A Field Programmable Gate Array (FPGA) has been implemented to shape pulses
from a SiPM into spectra that are accumulated and stored within a database hosted within the detector. This system has been validated experimentally using four sealed gamma sources by identifying and fitting photopeaks within the captured spectra to known gamma energies. LED blink testing has been conducted to study how the pulse shaper delay coefficients affect recorded spectrums.

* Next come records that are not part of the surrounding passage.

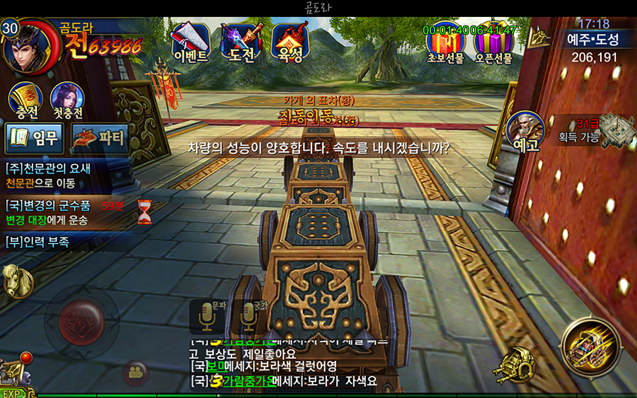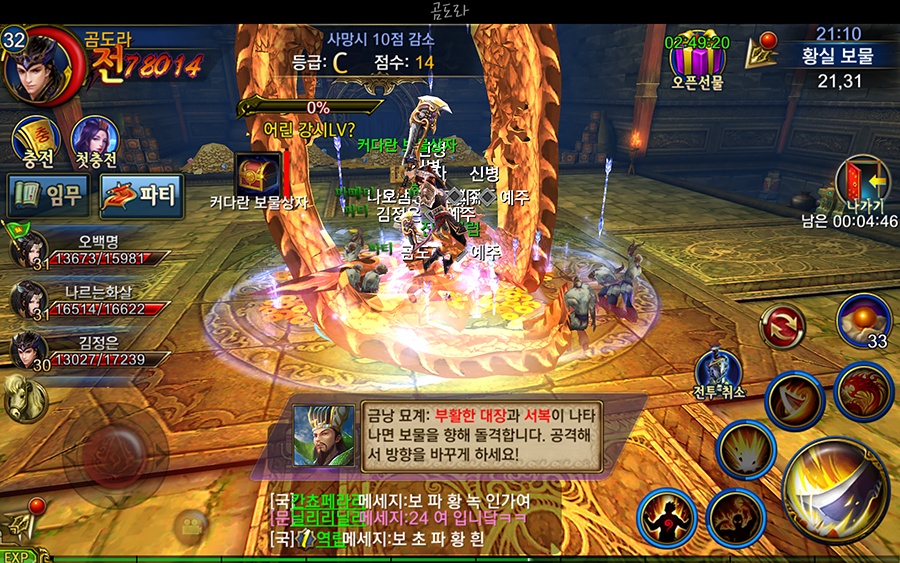 그 외에도 유저들간의 실시간 파티사냥인 '황실 밀실/편전/보물'에선 경험치와 아이템을 얻을 수 있는데, 난이도가 그리 어렵지 않고 파티의 생성과 참여시스템이 잘 만들어져 있어 빠른 진행이 가능하다. 그리고 캐릭터카드를 얻어 영웅을 강화시킬 수 있는 '명장 시련' 등 던전형 컨텐츠만 약 10개가까이 되는데 모두 전투력강화에 도움이 되는 것들이니 매일매일 돌아주는 것이 좋다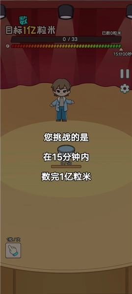 2、这款游戏的风格相当魔性且沙雕,玩家需要在游戏里完成数完一亿粒米粒的任务。
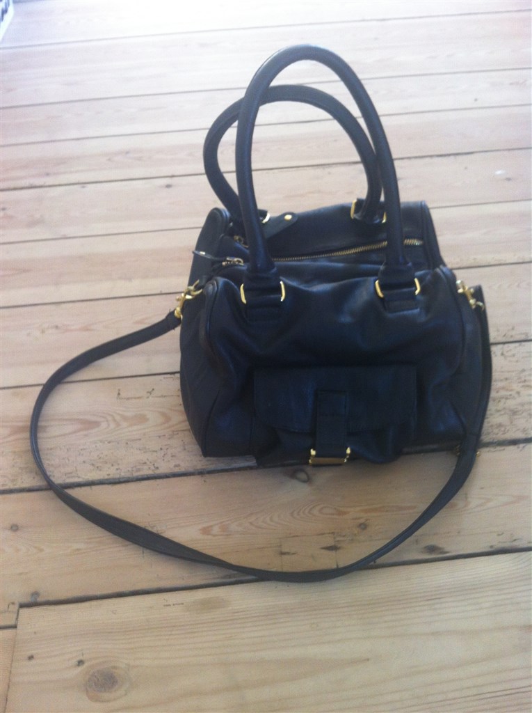 Jeg har mere end en taske - bruger dem efter behov og humør. Den jeg går med lige nu er en jeg har fået af min svigermor. Mærket er Nova og er i sort ægte læder. Der er to store rum, et med lynlås og to små uden lynlås. Det er virkelig god kvalitet.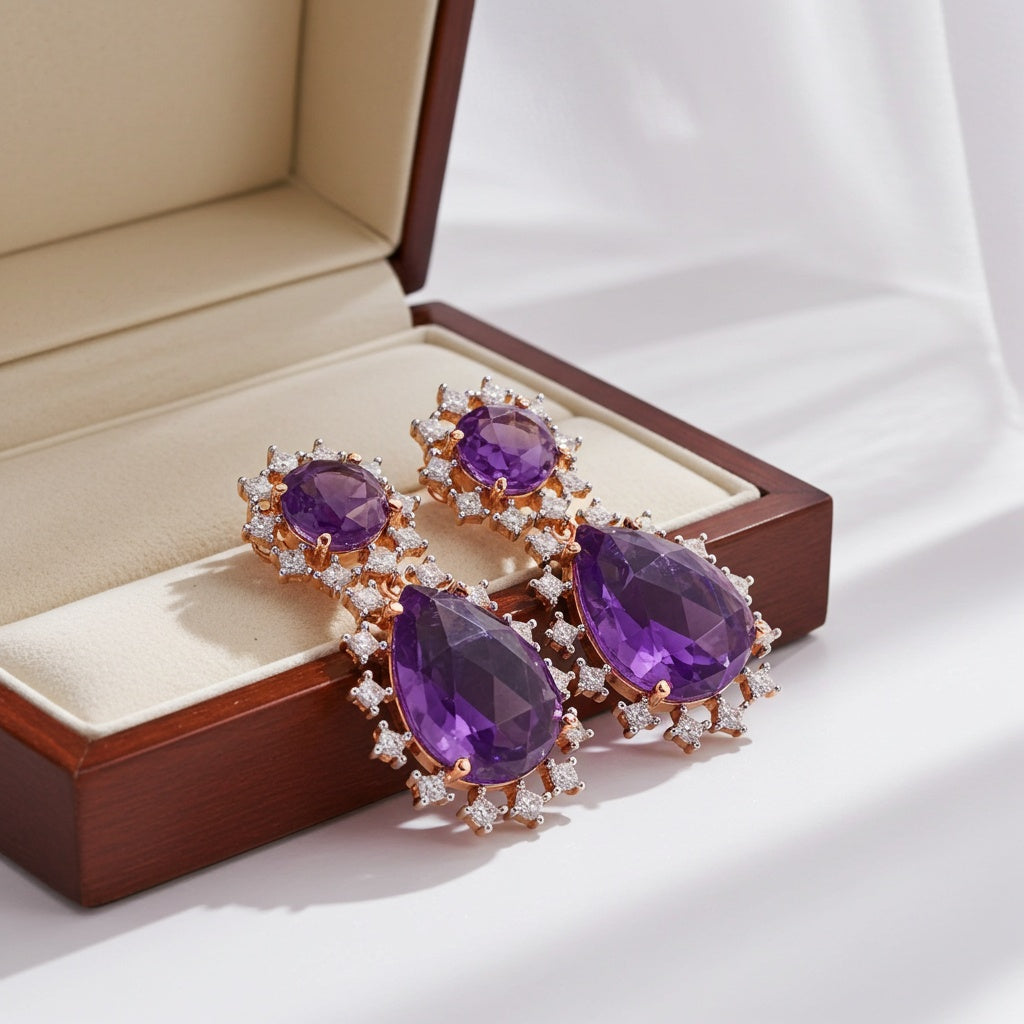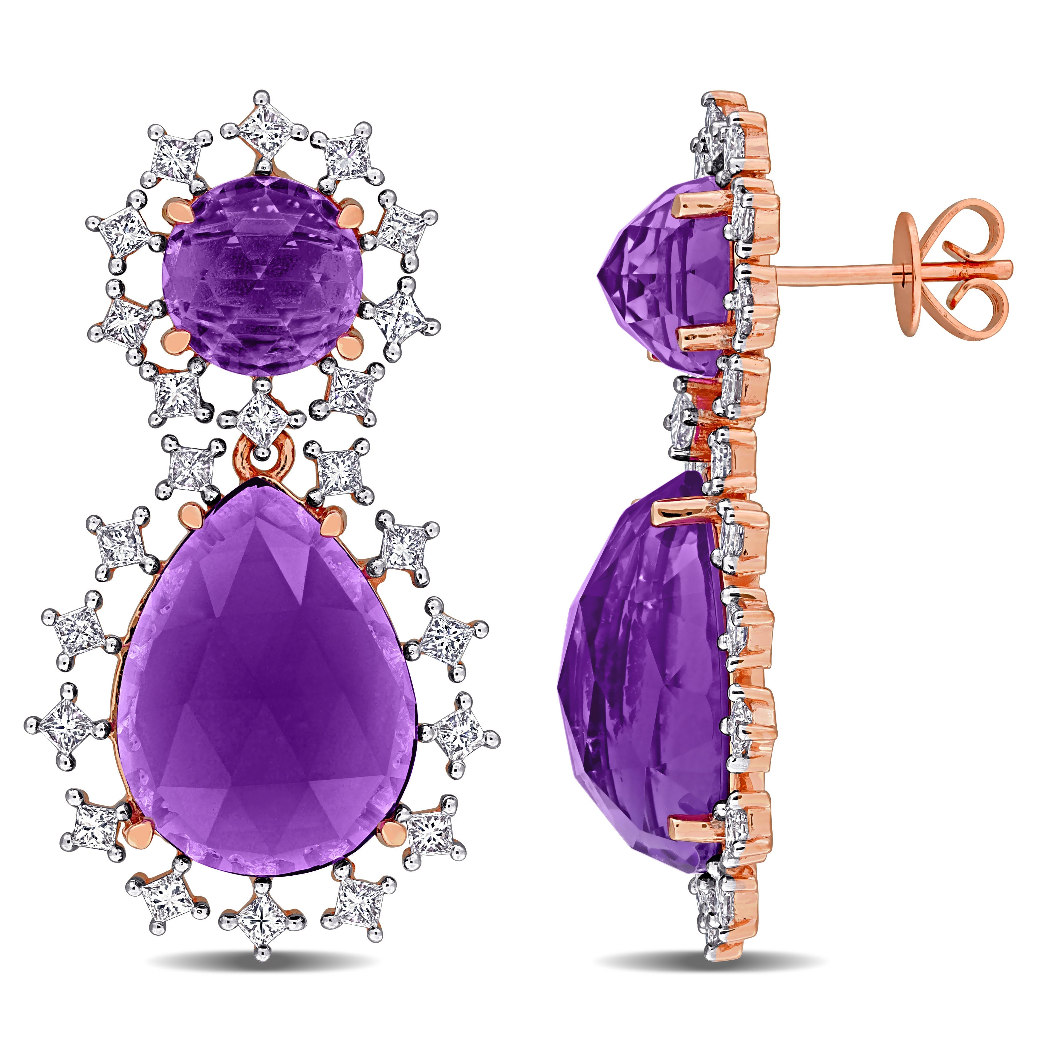 Embrace elegance and grace with these exquisite drop earrings, featuring a harmonious blend of pear and round rose-shaped amethysts, radiating with soft lavender hues. Each gemstone is meticulously set in warm 10K rose gold, enhancing their vibrant color with a romantic glow. The addition of princess-cut diamonds adds a brilliant contrast, their precision-cut facets sparkling with every movement, creating a dazzling effect.

The electrical system and flow cell have then been combined into a benchtop
system and tested with multiple concentrations of tritiated water, results show a
correlation between detected count rate and the activity concentration within the flow cell. Experiments with strontium-90 tracers show an increase in count rate as the tracer entered the flow cell, and two borehole groundwater samples taken from the Sellafield site have been passed through the detector obtaining two spectra. Finally, the benchtop system has been compacted to fit within the limited confines of standard 50 mm boreholes.